Article 2 extends the obligation to advertising messages in favor of foodstuffs and to promotions intended for the public. Again, products covered by a PDO, a controlled designation of origin or a PGI are excluded. For advertising, the contribution mechanism is set at 2%. However, its basis varies depending on whether it concerns space purchases or other promotional expenditures. The text finally provides for entry into force upon publication of a decree in the Council of State, and at the latest on January 1, 2027.
This framework confirms that the terroir exception is not just a political signal: it is written into both articles. It also shows that the authors chose a logic of economic constraint, not a simple declarative obligation.
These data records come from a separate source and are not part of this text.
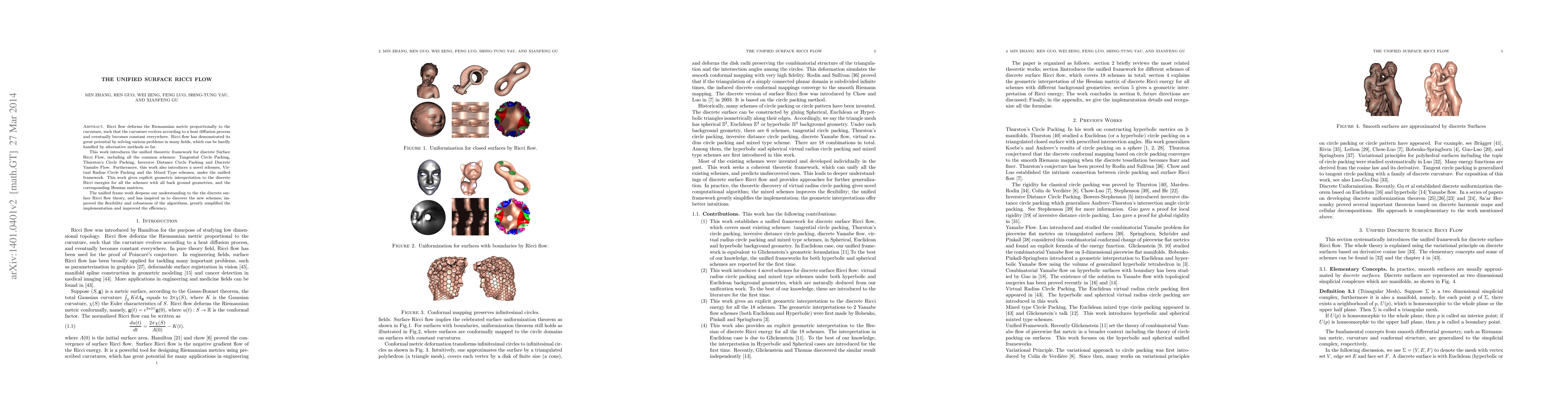 Ricci flow deforms the Riemannian metric proportionally to the curvature, such that the curvature evolves according to a heat diffusion process and eventually becomes constant everywhere. Ricci flow has demonstrated its great potential by solving various problems in many fields, which can be hardly handled by alternative methods so far. This work introduces the unified theoretic framework for discrete Surface Ricci Flow, including all common schemes: Thurston's Circle Packing, Tangential Circle Packing, Inversive Distance Circle Packing and Discrete Yamabe. Furthermore, this work also introduces a novel scheme, virtual radius circle packing, under the unified framework. This work gives explicit geometric interpretation to the discrete Ricci energy for all the schemes, and Hessian of the discrete Ricci energy for schemes with Euclidean back ground geometry. The unified frame work deepen our understanding to the the discrete surface Ricci flow theory, and inspired us to discover the new schemes, improved the flexibility and robustness of the algorithms, greatly simplified the implementation and improved the debugging efficiency. Experimental results shows the unified surface Ricci flow algorithms can handle general surfaces with different topologies, and is robust to meshes with different qualities, and effective for solving real problems.
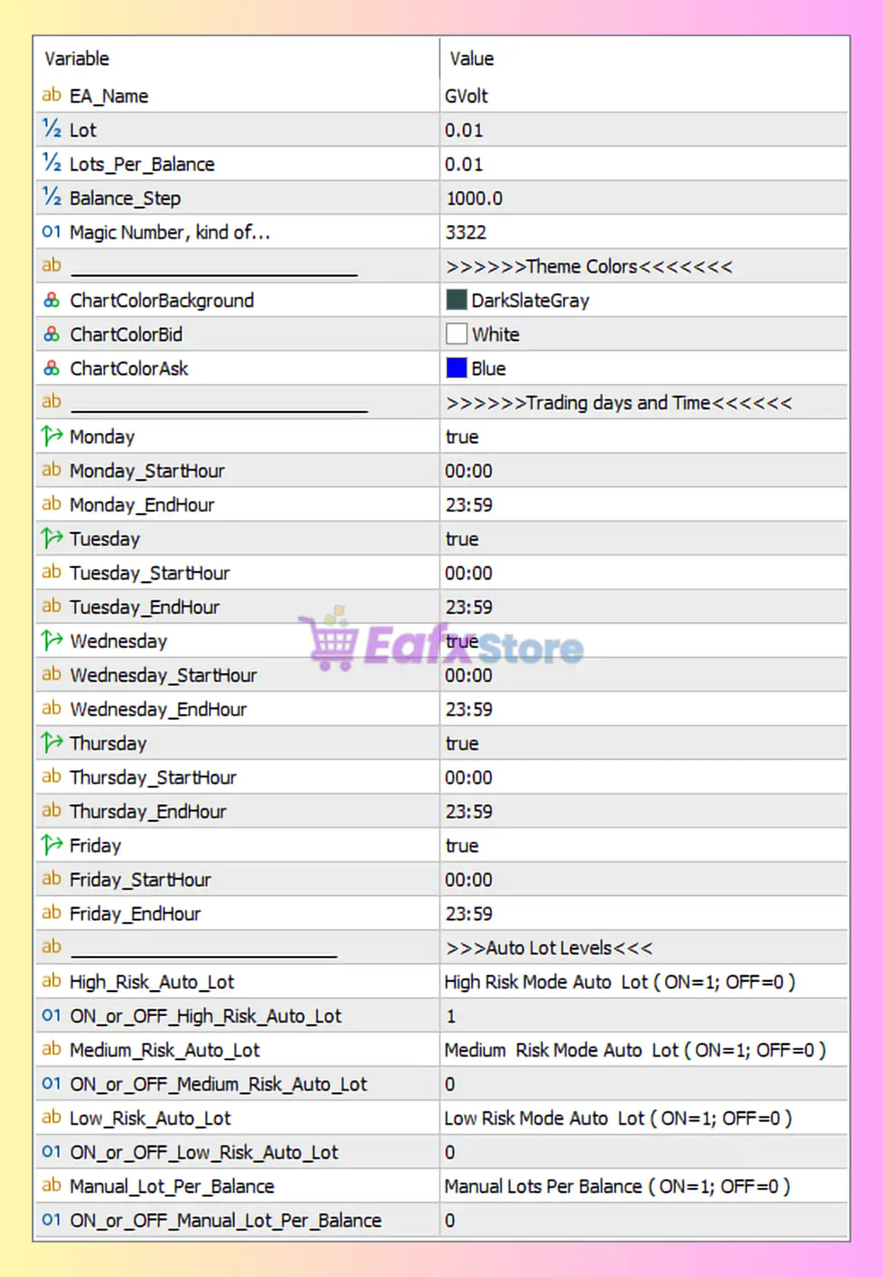 | EA_Name | GVolt | Name of the Expert Advisor |
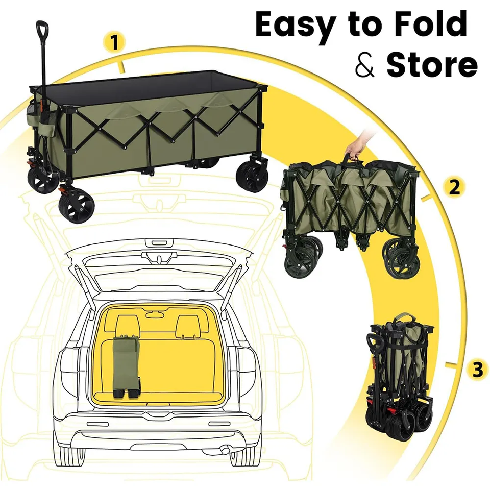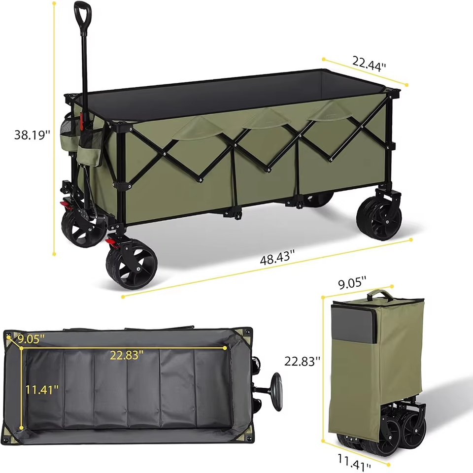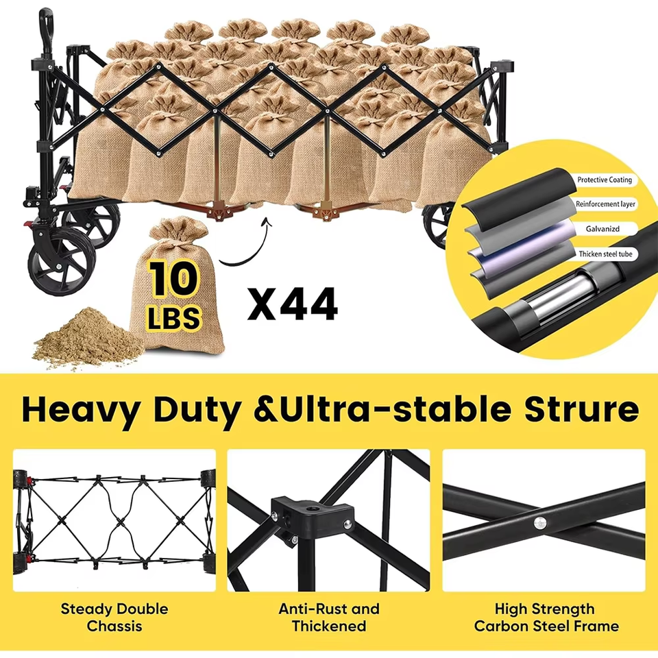 Ergonomic Handle Comfortable Pulling Heavy Duty 300L Folding Utility Garden Cart with Platform Structure OEM Customizable

Public Health, Industry And European Law: Fault Lines Remain
To defend the measure, the bill’s authors rely on a health argument already present in the explanatory memorandum. The document cites the 2025 “Charges and Revenues” report of the Health Insurance. It also quotes earlier recommendations. These come from the Court of Auditors and the Economic, Social and Environmental Council. They are in favor of mandatory display. It also argues that advertising exposure strongly influences purchasing decisions, which justifies extending the obligation beyond packaging alone.
The bill’s backers also put forward a competition argument. Sandrine Runel told LCP that some brands already voluntarily display the Nutri-Score, even when the rating is not favorable, while others do not. In this view, the obligation aims as much to standardize the information given to the public as to prevent selective withdrawal strategies.
Objections have not disappeared. During the November 2025 debates, the then Health Minister, Stéphanie Rist, had considered that the obligation might contravene European Union law. That argument is not settled by the 2026 filing. As long as parliamentary examination has not begun, it is impossible to assert that the measure will be adopted as is. Moreover, one cannot guarantee that its exception regime will be sufficient to secure it legally.

At bottom, the 2026 relaunch says less about a definitive shift than about a method: start again from a recent failure, tighten the coalition and limit the scope of the conflict to try to pass a public health measure. The core of the file is not only about the obligation of the Nutri-Score. It is also about how far Parliament will go when health interest collides with protection of the terroir.